[MATERIAL PROVIDED]:
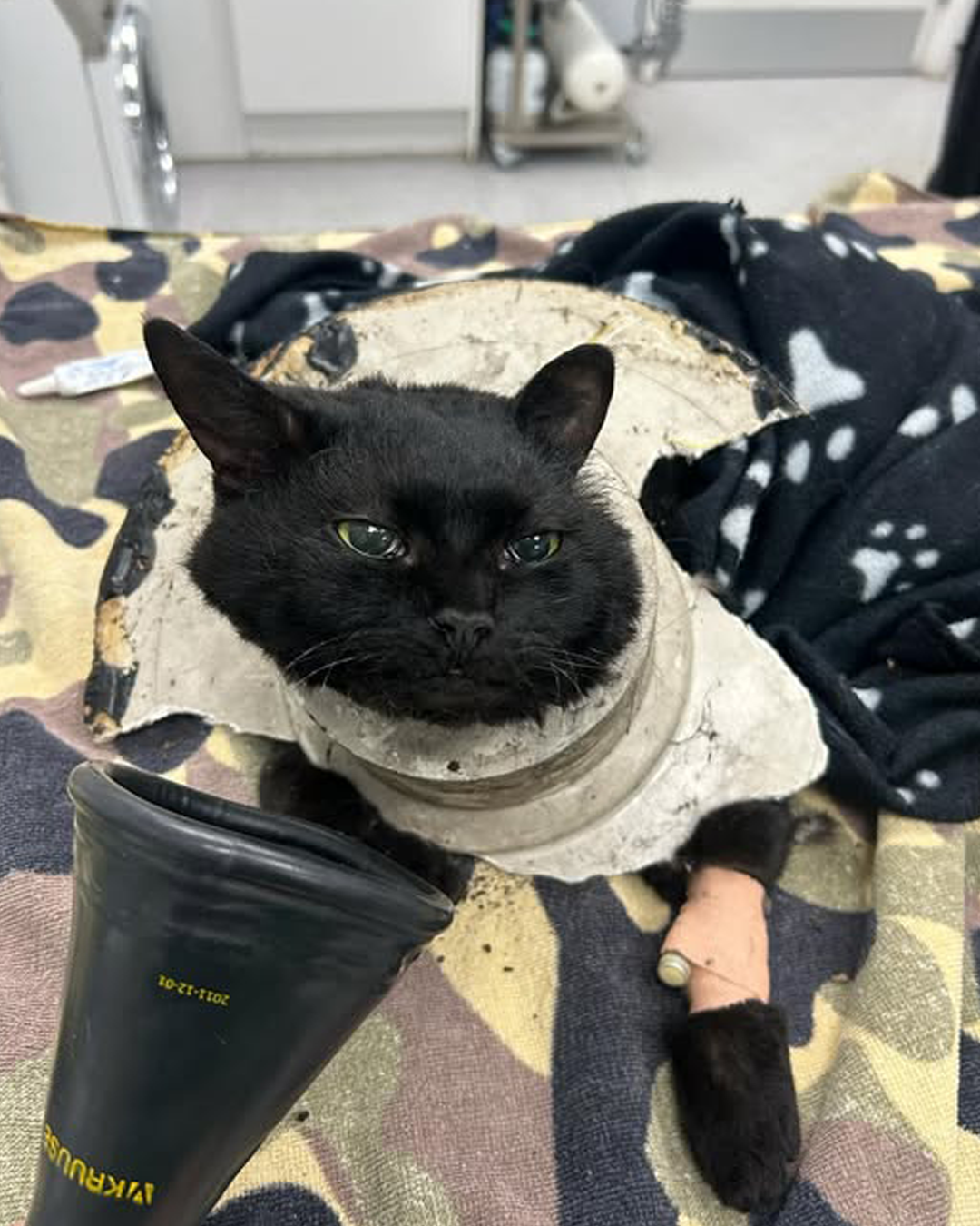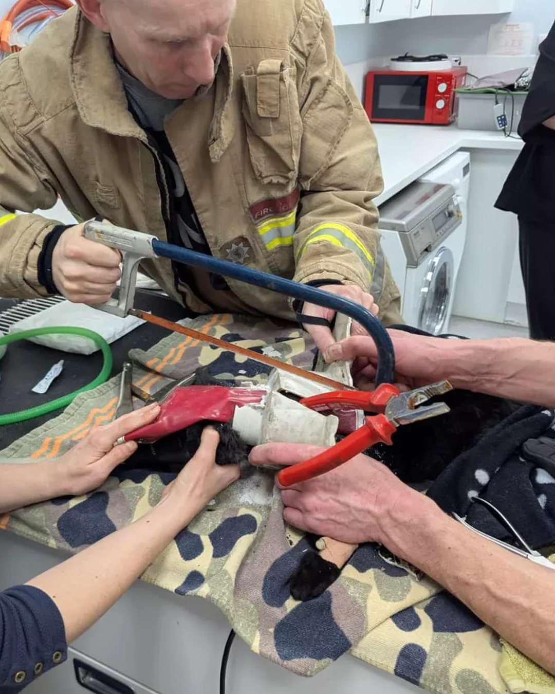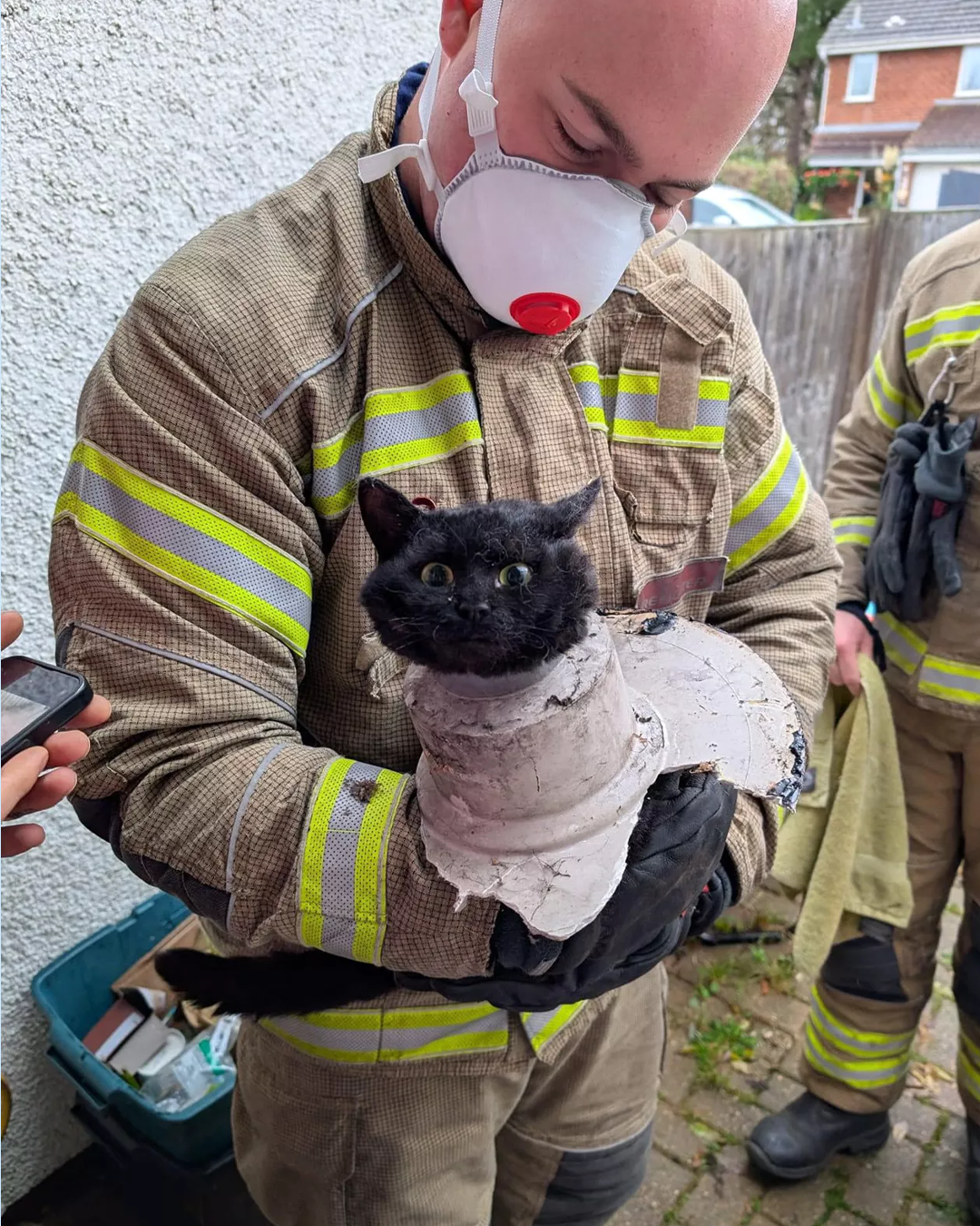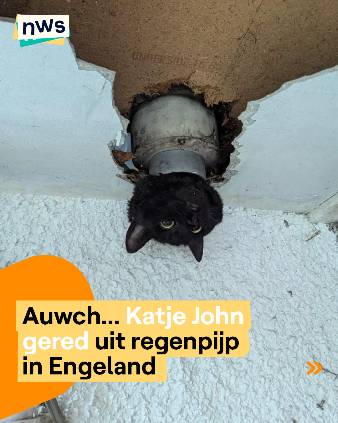 Cute! De brandweer uit Clevedon (Engeland) heeft katje John dit weekend gered uit een regenpijp. Een deel van de pijp bleef wel rond haar hals zitten... John moest naar de dierenarts en werd daar verdoofd. Zo kon de brandweer het laatste stuk hard plastic verwijderen met een zaag en een tang. Toen John wakker werd, kreeg ze veel knuffels. De brandweer heeft via socials laten weten dat de kat intussen weer thuis is en dat alles goed gaat met haar.
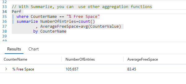 If you read my article Fun With KQL – Summarize, specifically the section titled Code Formatting Note, you’ll know the formatting of KQL code is extremely flexible. I placed the new calculation on the next line, and put the comma at the start of the line. Kusto would have been just as happy though if I’d put the comma at the end of the FreeGB line, or put everything on a single line.
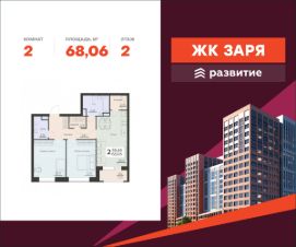 В продаже квартира площадью 68.06 кв. м с черновой отделкой. Квартира расположена на 2 этаже 8 этажного дома, в новом жилом комплексе "Заря" от федерального девелопера "Развитие".

[PROBLEM]: Return the whole listing, word for word, and leave out every picture.

[OUTPUT FOR THIS EXERCISE]:
 Cute! De brandweer uit Clevedon (Engeland) heeft katje John dit weekend gered uit een regenpijp. Een deel van de pijp bleef wel rond haar hals zitten... John moest naar de dierenarts en werd daar verdoofd. Zo kon de brandweer het laatste stuk hard plastic verwijderen met een zaag en een tang. Toen John wakker werd, kreeg ze veel knuffels. De brandweer heeft via socials laten weten dat de kat intussen weer thuis is en dat alles goed gaat met haar.
 If you read my article Fun With KQL – Summarize, specifically the section titled Code Formatting Note, you’ll know the formatting of KQL code is extremely flexible. I placed the new calculation on the next line, and put the comma at the start of the line. Kusto would have been just as happy though if I’d put the comma at the end of the FreeGB line, or put everything on a single line.
 В продаже квартира площадью 68.06 кв. м с черновой отделкой. Квартира расположена на 2 этаже 8 этажного дома, в новом жилом комплексе "Заря" от федерального девелопера "Развитие".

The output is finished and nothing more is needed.